For this exercise, write out each entry below exactly as it reads.
Record excerpts below:
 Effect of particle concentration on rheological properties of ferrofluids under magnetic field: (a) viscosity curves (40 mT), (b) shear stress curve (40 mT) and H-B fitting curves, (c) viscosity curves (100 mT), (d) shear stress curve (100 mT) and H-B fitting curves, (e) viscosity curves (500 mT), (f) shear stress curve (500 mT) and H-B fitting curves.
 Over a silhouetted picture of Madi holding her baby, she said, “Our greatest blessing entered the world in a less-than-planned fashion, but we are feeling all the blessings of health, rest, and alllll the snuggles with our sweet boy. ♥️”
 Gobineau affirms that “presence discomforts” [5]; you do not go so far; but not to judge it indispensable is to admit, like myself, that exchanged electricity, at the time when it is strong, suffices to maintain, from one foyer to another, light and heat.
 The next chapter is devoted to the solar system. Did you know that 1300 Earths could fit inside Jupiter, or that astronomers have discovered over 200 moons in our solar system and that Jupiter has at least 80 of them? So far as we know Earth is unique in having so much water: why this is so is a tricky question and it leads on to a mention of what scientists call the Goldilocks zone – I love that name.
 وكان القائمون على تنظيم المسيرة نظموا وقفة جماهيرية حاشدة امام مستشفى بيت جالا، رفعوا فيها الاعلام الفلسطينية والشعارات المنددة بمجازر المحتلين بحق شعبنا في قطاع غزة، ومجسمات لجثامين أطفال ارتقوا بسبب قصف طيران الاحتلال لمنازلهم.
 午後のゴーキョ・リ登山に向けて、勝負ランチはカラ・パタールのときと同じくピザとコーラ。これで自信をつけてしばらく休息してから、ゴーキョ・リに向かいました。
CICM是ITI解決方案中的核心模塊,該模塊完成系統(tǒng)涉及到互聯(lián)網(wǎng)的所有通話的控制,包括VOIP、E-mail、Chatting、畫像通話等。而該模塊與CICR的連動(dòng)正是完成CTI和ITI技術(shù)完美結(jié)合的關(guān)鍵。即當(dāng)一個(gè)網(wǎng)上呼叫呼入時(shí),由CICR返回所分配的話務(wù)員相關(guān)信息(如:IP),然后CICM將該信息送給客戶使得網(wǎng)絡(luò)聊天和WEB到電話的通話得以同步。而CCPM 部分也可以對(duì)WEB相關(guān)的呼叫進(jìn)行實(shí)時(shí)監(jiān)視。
End of Record excerpts.
## Output for this exercise:
 Effect of particle concentration on rheological properties of ferrofluids under magnetic field: (a) viscosity curves (40 mT), (b) shear stress curve (40 mT) and H-B fitting curves, (c) viscosity curves (100 mT), (d) shear stress curve (100 mT) and H-B fitting curves, (e) viscosity curves (500 mT), (f) shear stress curve (500 mT) and H-B fitting curves.
 Over a silhouetted picture of Madi holding her baby, she said, “Our greatest blessing entered the world in a less-than-planned fashion, but we are feeling all the blessings of health, rest, and alllll the snuggles with our sweet boy. ♥️”
 Gobineau affirms that “presence discomforts” [5]; you do not go so far; but not to judge it indispensable is to admit, like myself, that exchanged electricity, at the time when it is strong, suffices to maintain, from one foyer to another, light and heat.
 The next chapter is devoted to the solar system. Did you know that 1300 Earths could fit inside Jupiter, or that astronomers have discovered over 200 moons in our solar system and that Jupiter has at least 80 of them? So far as we know Earth is unique in having so much water: why this is so is a tricky question and it leads on to a mention of what scientists call the Goldilocks zone – I love that name.
 وكان القائمون على تنظيم المسيرة نظموا وقفة جماهيرية حاشدة امام مستشفى بيت جالا، رفعوا فيها الاعلام الفلسطينية والشعارات المنددة بمجازر المحتلين بحق شعبنا في قطاع غزة، ومجسمات لجثامين أطفال ارتقوا بسبب قصف طيران الاحتلال لمنازلهم.
 午後のゴーキョ・リ登山に向けて、勝負ランチはカラ・パタールのときと同じくピザとコーラ。これで自信をつけてしばらく休息してから、ゴーキョ・リに向かいました。
CICM是ITI解決方案中的核心模塊,該模塊完成系統(tǒng)涉及到互聯(lián)網(wǎng)的所有通話的控制,包括VOIP、E-mail、Chatting、畫像通話等。而該模塊與CICR的連動(dòng)正是完成CTI和ITI技術(shù)完美結(jié)合的關(guān)鍵。即當(dāng)一個(gè)網(wǎng)上呼叫呼入時(shí),由CICR返回所分配的話務(wù)員相關(guān)信息(如:IP),然后CICM將該信息送給客戶使得網(wǎng)絡(luò)聊天和WEB到電話的通話得以同步。而CCPM 部分也可以對(duì)WEB相關(guān)的呼叫進(jìn)行實(shí)時(shí)監(jiān)視。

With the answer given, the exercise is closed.